§ **INFORMATION PROVIDED**:
================================

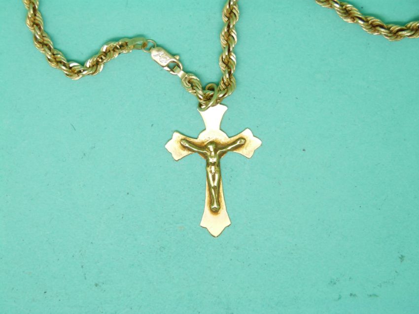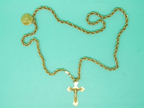A yellow metal rope twist necklace marked 14k with yellow metal crucifix and 18ct gold medallion (10.7g all in)
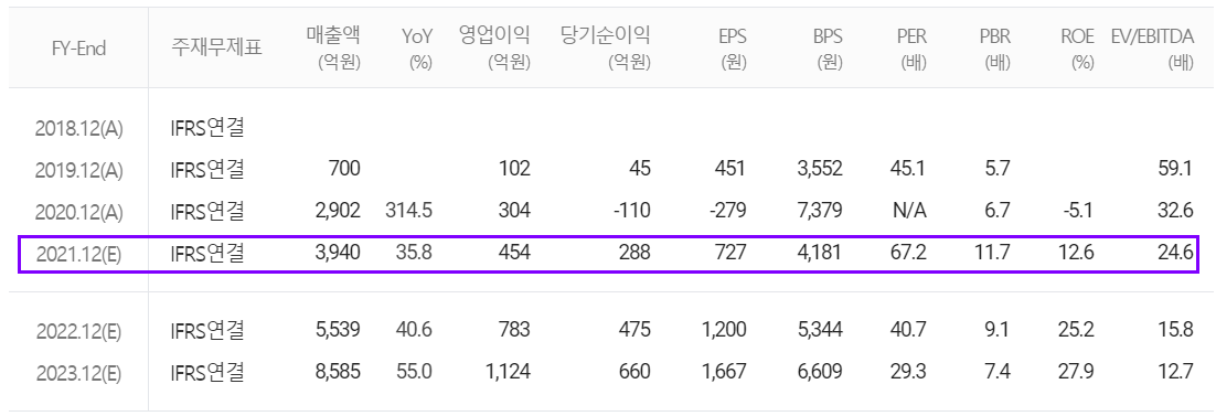 당사의 2021년 컨센서스는 매출액 3,940억 원으로 전년 대비 35.8% 증가하고, 영업이익은 454억 원으로 49.3% 증가, 당기순이익은 288억 원을 기록하면서 흑자 전환을 추정했습니다. 중국 내 5G 투자 개시에 따른 부분과 헝가리 전지박 공장 설비 완료에 따른 매출 증대가 주요 성장 항목으로 평가된 것 같습니다.
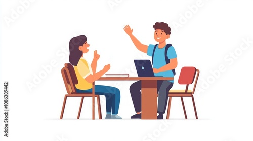 student, discussion, learning, education, conversation, communication, collaboration, classroom, school, meeting, technology, laptop, table, chair, people, girl, boy, happy, friendly, engaged, attentive, cognition, study

================================

§ **EXERCISE DESCRIPTION**: Repeat the material above precisely as it appears, omitting the images it contains.

§ **SOLUTION FOR THIS EXERCISE**:
A yellow metal rope twist necklace marked 14k with yellow metal crucifix and 18ct gold medallion (10.7g all in)
 당사의 2021년 컨센서스는 매출액 3,940억 원으로 전년 대비 35.8% 증가하고, 영업이익은 454억 원으로 49.3% 증가, 당기순이익은 288억 원을 기록하면서 흑자 전환을 추정했습니다. 중국 내 5G 투자 개시에 따른 부분과 헝가리 전지박 공장 설비 완료에 따른 매출 증대가 주요 성장 항목으로 평가된 것 같습니다.
 student, discussion, learning, education, conversation, communication, collaboration, classroom, school, meeting, technology, laptop, table, chair, people, girl, boy, happy, friendly, engaged, attentive, cognition, study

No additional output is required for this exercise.